The proposal: Audits should be made transparent, publicly accessible and legible for lay audiences via a transparency register

As the failures of LL 144 show, it is insufficient to solely rely on transparency to create accountability. However, to enable the beneficiaries of an audit regime to scrutinise, evaluate and contest its outcomes, there is a need for policymakers to establish clear audit reporting that makes the audit results clear for non-technical audiences.

This could include a summary of results in simple language and an outline of potential next steps, as well as named contact details on audit reports (following, for example, the UK Government’s ‘two tier’ transparency approach adopted in the UK algorithmic transparency standard for public-sector AI tools).[53] Central governments should also establish and host an audit repository or AI risk register, like those used in post-market monitoring of medical devices.[54]

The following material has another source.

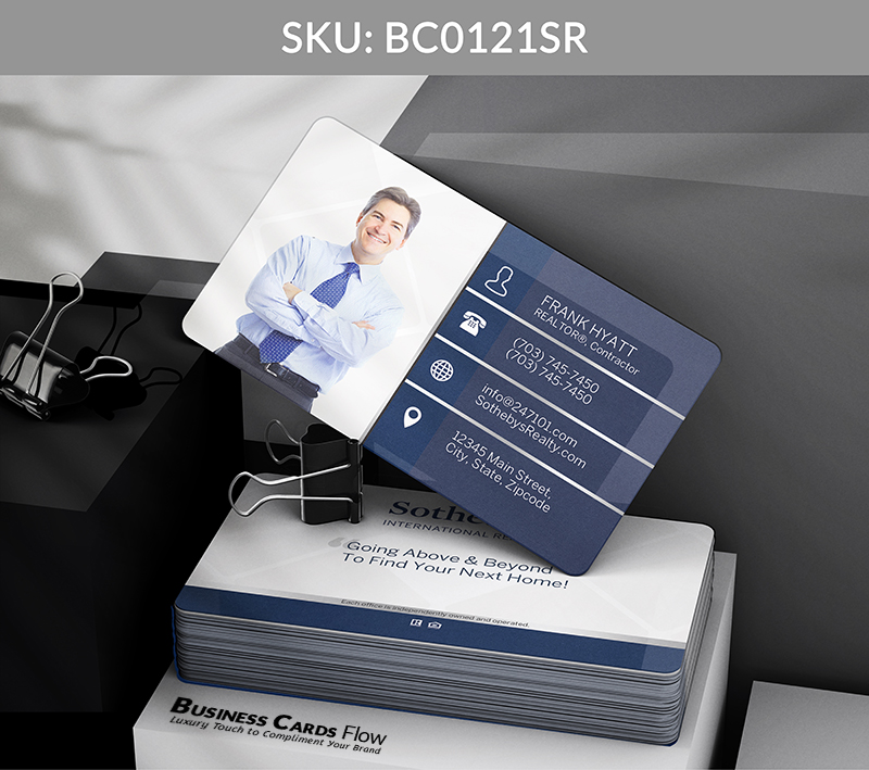 Not at all — when thoughtfully integrated, your photo strengthens client connection while maintaining the brand’s elevated, polished feel. The clean design and use of Sotheby’s Blue, Dark Blue, and White ensure your card feels both personal and impeccably professional. It’s a modern approach to building immediate trust while honoring the sophistication of your brokerage.

Recommendation 6: Auditing laws need mechanisms to monitor and enforce against non-compliance

The challenge: creating a regime with adequate penalties for non-compliance

Successful governance regimes require strong enforcement mechanisms to incentivise compliance.

LL 144 failed to create a meaningful penalty to incentivise companies to comply and publish its audits. The law provides for fines of between $500 and $1,500 per day for non-compliance, meaning the lack of transparency notice and audit report. As of March 2024, over six months after the law was enacted, there are only 20 published audits available online from the over 200,000 employers in New York City (some originally published audits have disappeared).[55] The very low level of compliance demonstrates that the penalties were not substantial enough to instigate action.

Figure 2: Coverage of Local Law 144 audits in the New York City job market[56]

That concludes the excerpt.